Blood spatter analysis has been the focus of both state prosecutors and the defense attorneys in the trial of a Gainesville man accused of trying to kill his wife and himself in February 2018 and make it look like an intruder did it.
Michael Reuschel, 63, is facing a charge of attempted murder of his wife, Susan O’Brien Reuschel, along with charges of false imprisonment, obstruction and tampering with evidence.
As soon as defense witness and former medical examiner Dr. Michael Berkland took the stand, assistant state attorney Sean Brewer questioned his professional background, given the state suspension of Berkland’s license for medical examining in 2005.
Berkland, a former Florida assistant medical examiner, was arrested in 2012 after authorities said he stored more than 100 body parts, including brains and hearts, in a Pensacola storage container.
“People’s complaint doesn’t address professional competence,” said defense attorney Patrick McGuiness. He added it’s unfair to Berkland for the state to “assassinate his character” and competency for reviewing and analyzing blood spatter and forensic evidence.
Berkland, now a forensic pathologist with Forensic Puzzle Investigations, acknowledged families’ complaints while storing preserved brains, hearts, lungs and other organs in Tupperwares inside a climate-controlled storage.

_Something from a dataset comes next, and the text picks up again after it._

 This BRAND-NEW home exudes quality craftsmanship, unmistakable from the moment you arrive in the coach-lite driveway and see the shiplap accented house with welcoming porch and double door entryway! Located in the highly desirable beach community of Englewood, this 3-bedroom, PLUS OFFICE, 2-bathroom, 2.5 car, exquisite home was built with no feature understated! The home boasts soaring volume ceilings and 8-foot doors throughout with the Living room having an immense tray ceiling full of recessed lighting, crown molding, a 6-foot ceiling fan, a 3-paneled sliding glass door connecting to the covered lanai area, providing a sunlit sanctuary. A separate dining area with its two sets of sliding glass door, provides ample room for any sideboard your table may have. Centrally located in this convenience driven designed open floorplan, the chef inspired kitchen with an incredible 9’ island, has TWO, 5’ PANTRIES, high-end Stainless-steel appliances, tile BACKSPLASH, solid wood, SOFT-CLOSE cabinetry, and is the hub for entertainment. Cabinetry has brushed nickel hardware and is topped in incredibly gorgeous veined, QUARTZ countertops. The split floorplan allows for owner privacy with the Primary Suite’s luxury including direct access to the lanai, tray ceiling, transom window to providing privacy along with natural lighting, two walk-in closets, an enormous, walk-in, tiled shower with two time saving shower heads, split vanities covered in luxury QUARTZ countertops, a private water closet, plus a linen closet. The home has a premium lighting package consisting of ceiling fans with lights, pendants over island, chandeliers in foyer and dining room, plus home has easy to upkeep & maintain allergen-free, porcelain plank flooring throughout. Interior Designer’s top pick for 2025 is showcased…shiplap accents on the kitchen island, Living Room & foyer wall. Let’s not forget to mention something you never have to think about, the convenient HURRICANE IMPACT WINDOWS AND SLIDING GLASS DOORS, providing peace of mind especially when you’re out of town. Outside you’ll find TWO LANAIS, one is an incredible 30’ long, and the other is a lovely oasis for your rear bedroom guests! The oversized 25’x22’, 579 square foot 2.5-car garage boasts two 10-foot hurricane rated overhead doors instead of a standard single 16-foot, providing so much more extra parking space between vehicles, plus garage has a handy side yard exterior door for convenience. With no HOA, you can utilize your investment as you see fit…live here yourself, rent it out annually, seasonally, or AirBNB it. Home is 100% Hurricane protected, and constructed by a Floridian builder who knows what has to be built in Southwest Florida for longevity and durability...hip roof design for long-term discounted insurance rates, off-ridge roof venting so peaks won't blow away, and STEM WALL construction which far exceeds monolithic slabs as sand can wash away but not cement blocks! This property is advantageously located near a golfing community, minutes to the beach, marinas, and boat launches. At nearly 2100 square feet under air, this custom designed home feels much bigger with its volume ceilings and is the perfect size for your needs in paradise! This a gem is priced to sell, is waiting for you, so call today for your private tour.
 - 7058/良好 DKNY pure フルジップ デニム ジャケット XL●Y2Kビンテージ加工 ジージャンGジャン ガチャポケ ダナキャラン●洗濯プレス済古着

He also said he understands his limitations to only examine crime scene photographs rather than performing autopsy.
Over five hours of testimony, Berkland introduced the jury to his own experiment to draw a distinction between arterial spurt – resulting from blood exiting the body under pressure from a breached artery – and cast off blood pattern – appearing more linear by a blood-bearing object in motion.
He also expressed concern over the number of first responders and investigators showing up to Michael Reuschel’s residence and potentially transferring or contaminating bloodstain evidence.
Brewer contended Michael Reuschel himself could have walked through these stains and that the first responders’ focus was not only treating Michael and Susan Reuschel but also searching for the 6 foot 3 intruder at the time.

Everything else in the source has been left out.